03. *Nabucco* (9th March 1842; Teatro alla Scala, Milan)

04.* I Lombardi alla Prima Crociata* (11th February 1843; Teatro alla Scala, Milan)

05. *Ernani* (9th March 1844; Teatro la Fenice, Venice)

06. *I due Foscari* (3rd November 1844; Teatro Argentina, Rome)

07. *Giovanna d'Arco* (15th February 1845; Teatro alla Scala, Milan)

08.* Alzira* (12th August 1845; Teatro San Carlo, Naples)

09. *Attila* (17th March 1846; Teatro la Fenice, Venice)

10. *Macbeth* (14th March 1847; Teatro della Pergola, Florence)

11. *I masnadieri *(22nd July 1847; Her Majesty's Theatre, London)

12. *Jérusalem* (26th November 1847; Académie Royale de Musique, Paris)

13. *Il corsaro* (25th October 1848; Teatro Grande, Trieste)

14. *La battaglia di Legnano* (27th January 1849; Teatro Argentina, Rome)

15.* Luisa Miller* (8th December 1849; Teatro San Carlo, Naples)

16. *Stiffelio* (16th November 1850; Teatro Grande, Trieste)

17. *Rigoletto* (11th March 1850; Teatro la Fenice, Venice)

18. *Il trovatore* (19th January 1853; Teatro Apollo, Rome)

19. *La Traviata* (6th March 1853; Teatro la Fenice, Venice)

20. *Les Vêpres Siciliennes* (13th June 1855; Académie Impériale de Musique, Paris)

21. *Simon Boccanegra* (12th March 1857; Teatro la Fenice, Venice)

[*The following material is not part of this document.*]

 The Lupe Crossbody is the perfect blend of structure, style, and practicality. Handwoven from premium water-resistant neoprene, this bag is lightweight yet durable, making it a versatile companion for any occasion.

22. *Aroldo* (16th August 1857; Teatro Nuovo, Rimini)

23. *Un ballo in maschera* (17th February 1859; Teatro Apollo, Rome)

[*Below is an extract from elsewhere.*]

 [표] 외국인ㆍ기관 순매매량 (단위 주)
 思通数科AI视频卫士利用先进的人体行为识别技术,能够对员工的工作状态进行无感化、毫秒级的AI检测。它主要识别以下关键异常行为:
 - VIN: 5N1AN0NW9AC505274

24. *La forza del destino* (10th November 1862; Bolshoi Theatre, St. Petersburg)

25.* Don Carlos* (11th March 1867; Académie Impériale de Musique, Paris)

26. *Aïda* (24th December 1871; Opera House, Cairo)

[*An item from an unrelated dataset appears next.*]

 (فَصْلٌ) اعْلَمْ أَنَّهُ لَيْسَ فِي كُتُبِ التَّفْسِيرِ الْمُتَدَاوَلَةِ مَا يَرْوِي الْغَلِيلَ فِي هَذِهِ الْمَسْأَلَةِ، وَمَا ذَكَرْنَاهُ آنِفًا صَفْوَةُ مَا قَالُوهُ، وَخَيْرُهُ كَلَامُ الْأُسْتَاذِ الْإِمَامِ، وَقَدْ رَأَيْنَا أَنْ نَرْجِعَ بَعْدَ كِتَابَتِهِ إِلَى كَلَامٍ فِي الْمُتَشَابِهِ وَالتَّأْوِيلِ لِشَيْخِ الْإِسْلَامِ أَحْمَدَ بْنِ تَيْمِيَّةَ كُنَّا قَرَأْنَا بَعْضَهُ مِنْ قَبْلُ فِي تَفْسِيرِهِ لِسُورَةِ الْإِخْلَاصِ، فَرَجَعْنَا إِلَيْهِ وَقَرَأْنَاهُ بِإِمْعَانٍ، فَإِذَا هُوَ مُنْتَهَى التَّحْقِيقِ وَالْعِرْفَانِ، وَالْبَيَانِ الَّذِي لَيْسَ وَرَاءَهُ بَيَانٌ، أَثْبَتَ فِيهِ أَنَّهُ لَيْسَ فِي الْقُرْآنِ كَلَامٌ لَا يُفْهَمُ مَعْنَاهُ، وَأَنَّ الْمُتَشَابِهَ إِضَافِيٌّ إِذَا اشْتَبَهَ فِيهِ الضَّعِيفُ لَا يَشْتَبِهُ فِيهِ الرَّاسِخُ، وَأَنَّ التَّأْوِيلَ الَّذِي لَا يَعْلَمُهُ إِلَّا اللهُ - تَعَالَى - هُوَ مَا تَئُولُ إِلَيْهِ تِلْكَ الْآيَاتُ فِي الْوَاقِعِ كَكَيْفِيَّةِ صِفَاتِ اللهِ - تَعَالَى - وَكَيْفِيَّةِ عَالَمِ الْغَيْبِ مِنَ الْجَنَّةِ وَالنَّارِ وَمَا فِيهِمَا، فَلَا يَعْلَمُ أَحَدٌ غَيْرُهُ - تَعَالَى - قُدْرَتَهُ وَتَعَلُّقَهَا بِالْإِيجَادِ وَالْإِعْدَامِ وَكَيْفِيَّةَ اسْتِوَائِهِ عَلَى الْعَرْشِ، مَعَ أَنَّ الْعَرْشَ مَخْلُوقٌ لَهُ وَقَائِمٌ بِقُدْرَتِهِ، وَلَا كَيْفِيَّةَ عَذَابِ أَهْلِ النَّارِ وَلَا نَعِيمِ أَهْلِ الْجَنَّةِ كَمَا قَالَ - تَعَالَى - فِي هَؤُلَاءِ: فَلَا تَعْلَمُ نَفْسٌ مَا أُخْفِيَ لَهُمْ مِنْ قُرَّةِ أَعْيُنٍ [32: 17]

27. *Otello* (5th February 1887; Teatro alla Scala, Milan)

28. *Falstaff* (9th February 1893; Teatro alla Scala, Milan)


----------



## AndyS (Dec 2, 2011)

Another vote for rigoletto. Not my favourite but certainly best for people new to Verdi

Would recommend the recording with Sutherland, Pavarotti and Milnes conducted by Bonynge. All of the 3 principals on great form (even if Dame Joan sounds a wee bit too old she sings beautifully)


----------



## sospiro (Apr 3, 2010)

AndyS said:


> Another vote for rigoletto. Not my favourite but certainly best for people new to Verdi
> 
> Would recommend the recording with Sutherland, Pavarotti and Milnes conducted by Bonynge. All of the 3 principals on great form (even if Dame Joan sounds a wee bit too old she sings beautifully)


100% agree. I'm taking an opera virgin to see Rigoletto next month & have loaned her my copy of this version with instructions to do some homework before we go.


----------



## Manok (Aug 29, 2011)

I also forgot that I have heard La Forza del destino, I just couldnt remember the name. .


----------